Порой он посещал храм муз гораздо реже, чем заслуживала, по ее собственному мнению, богиня этого храма или чем полагала императрица Ирина, защищавшая интересы своей дочери. Добродушный Алексей соблюдал в этом вопросе нейтралитет и старался по мере сил скрыть все разногласия от посторонних глаз, полагая, что удержать престол в столь неспокойной империи можно, лишь сохранив нерушимое единство в семье.
Он пожал Никифору руку, когда тот, проходя мимо его трона, преклонил перед ним в знак почтения колено. Императрица встретила зятя более натянуто и холодно, а сама прекрасная муза вообще почти не удостоила вниманием своего красавца мужа, занявшего подле нее ту свободную скамью, о которой мы уже упоминали.
Наступила неловкая пауза, во время которой зять императора, считавший, что ему обрадуются, а вместо этого встретивший столь холодный прием, попытался завести незначительный разговор с красивой рабыней Астартой, стоявшей на коленях рядом со своей госпожой. Однако этот разговор тут же был прерван царевной, приказавшей прислужнице спрятать манускрипт в предназначенный для этого ларец и собственноручно отнести его в зал Аполлона, где Анна Комнин обычно занималась, ибо храм муз был отведен только для устраиваемых ею чтений.
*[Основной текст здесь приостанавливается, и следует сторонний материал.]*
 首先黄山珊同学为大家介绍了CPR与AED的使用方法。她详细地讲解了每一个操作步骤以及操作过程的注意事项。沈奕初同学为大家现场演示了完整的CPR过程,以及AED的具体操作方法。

Император первый прервал тягостное молчание.
— Дорогой наш зять, — сказал он, — хотя время сейчас уже позднее, но ты многого лишишь себя, если позволишь нашей Анне отослать этот свиток, чтение которого столь усладило слух собравшихся; они могли, бы сказать, что в пустыне цвели розы, а голые скалы источали молоко и мед
— так приятно звучало описание тяжелого и опасного похода в изложении нашей дочери.
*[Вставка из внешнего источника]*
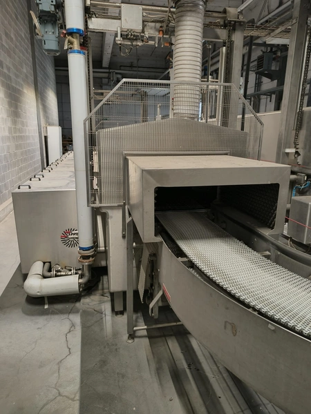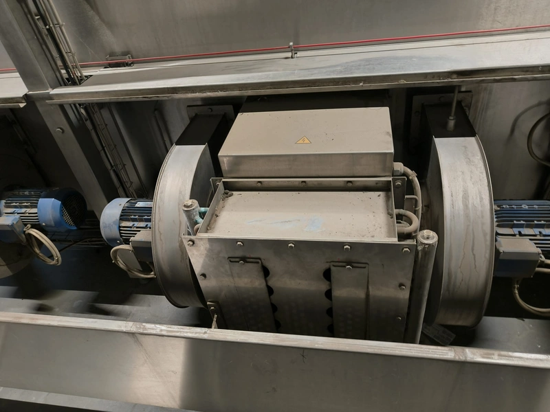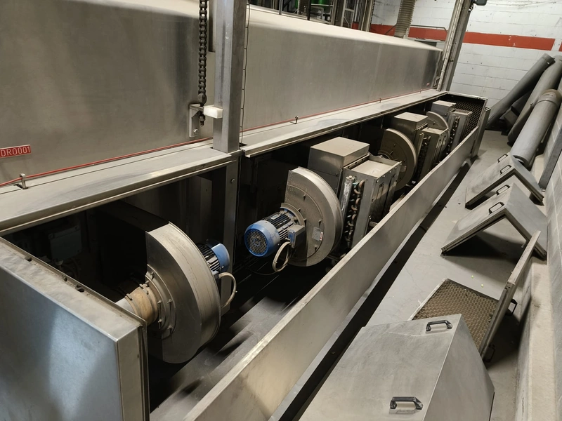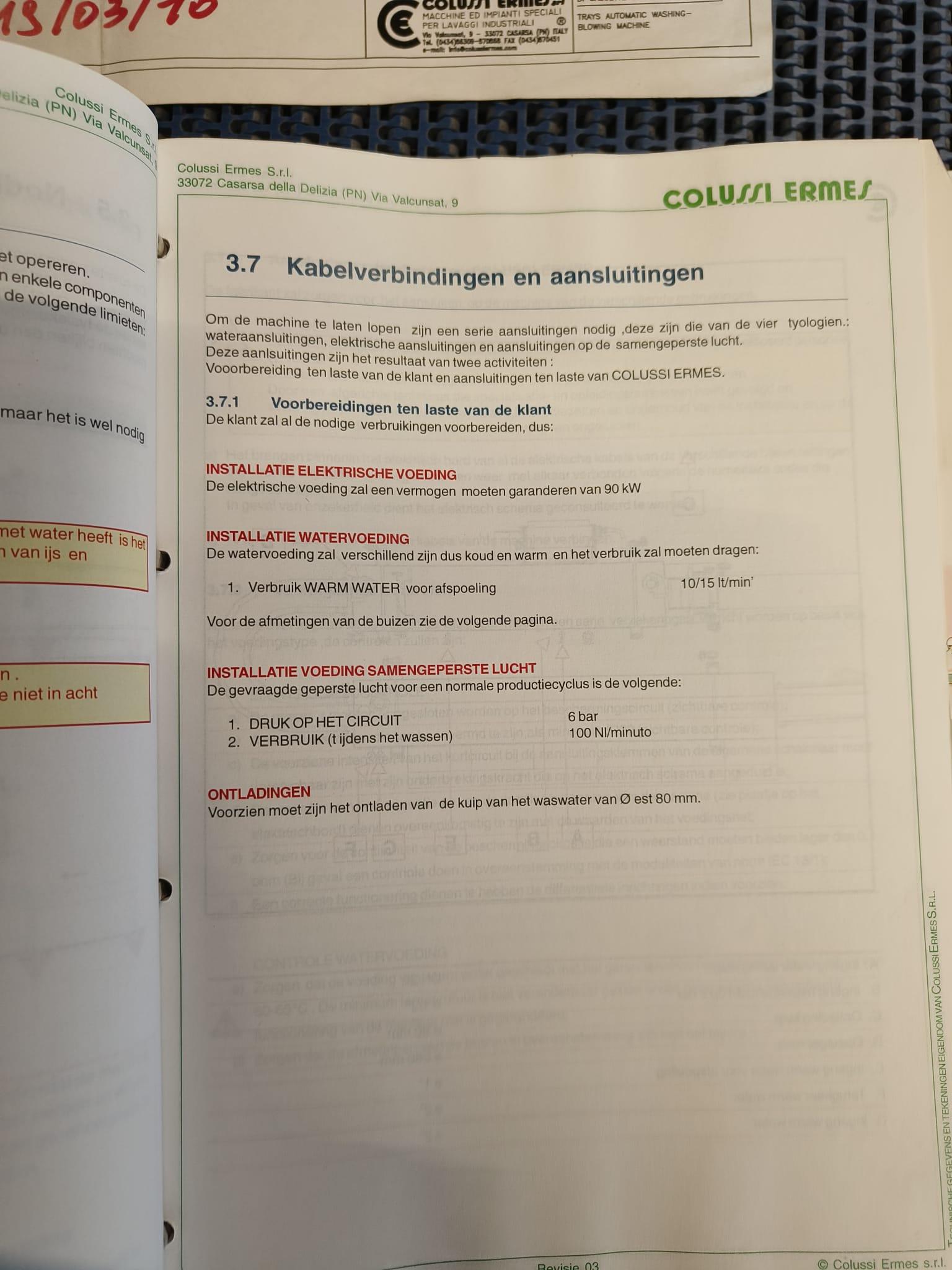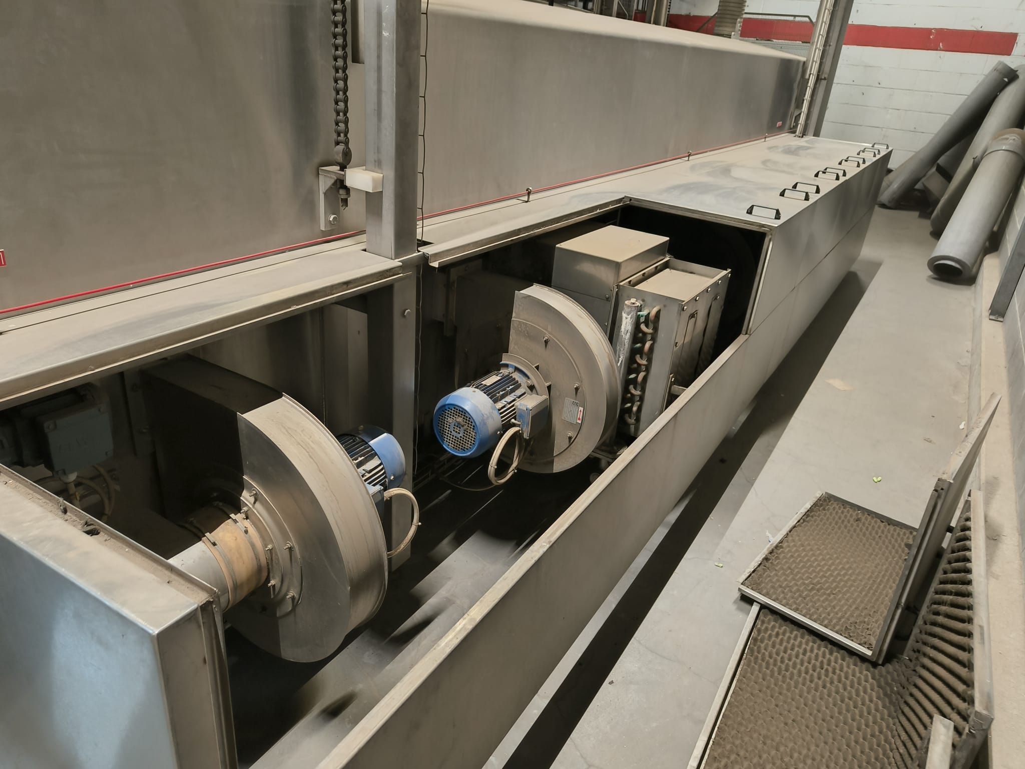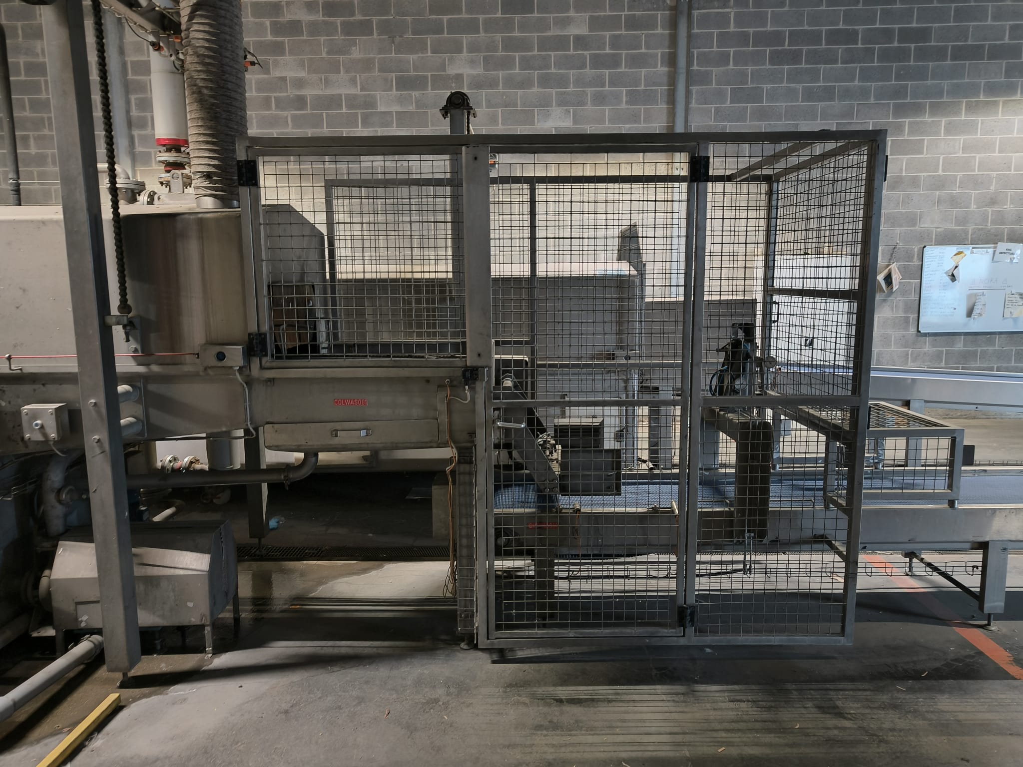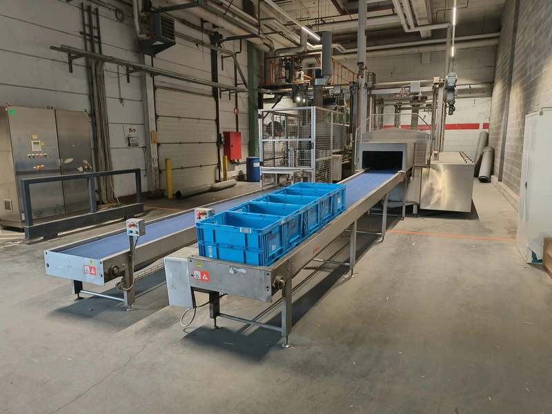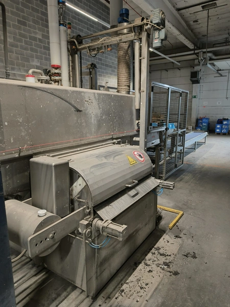 Colussi Ermes crate washing and drying line, type: L013/01, type: 9973, serial number: 1856, year of construction: 2010, maximum crate size: 600 mm x 400 mm x 330 mm, consisting of: infeed belt, plastic mesh belt, belt width: 620 mm, total dimensions: 7250 mm x 970 mm x 930 mm, washing machine with tilting device, dimensions: 7700 mm x 2500 mm x 3600 mm, dryer, dimensions: 9000 mm x 2600 mm x 3600 mm, outfeed belt, dimensions: 6160 mm x 1100 mm x 1100 mm, switch cabinet, dimensions: 1620 mm x 650 mm x 2260 mm.

— Насколько нам дано судить, — заметила императрица, — у кесаря пет вкуса к тем утонченным занятиям, какими увлекается наша семья. В последнее время он стал редким гостем в храме муз: видимо, беседы в каком-то другом месте доставляют ему большее удовольствие.
— Я все же надеюсь, государыня, — ответил Никифор, — что мой вкус не заслуживает подобных обвинений. Но вполне естественно, что нашему августейшему отцу должны особенно нравиться молоко и мед, ибо расточают их только ради него.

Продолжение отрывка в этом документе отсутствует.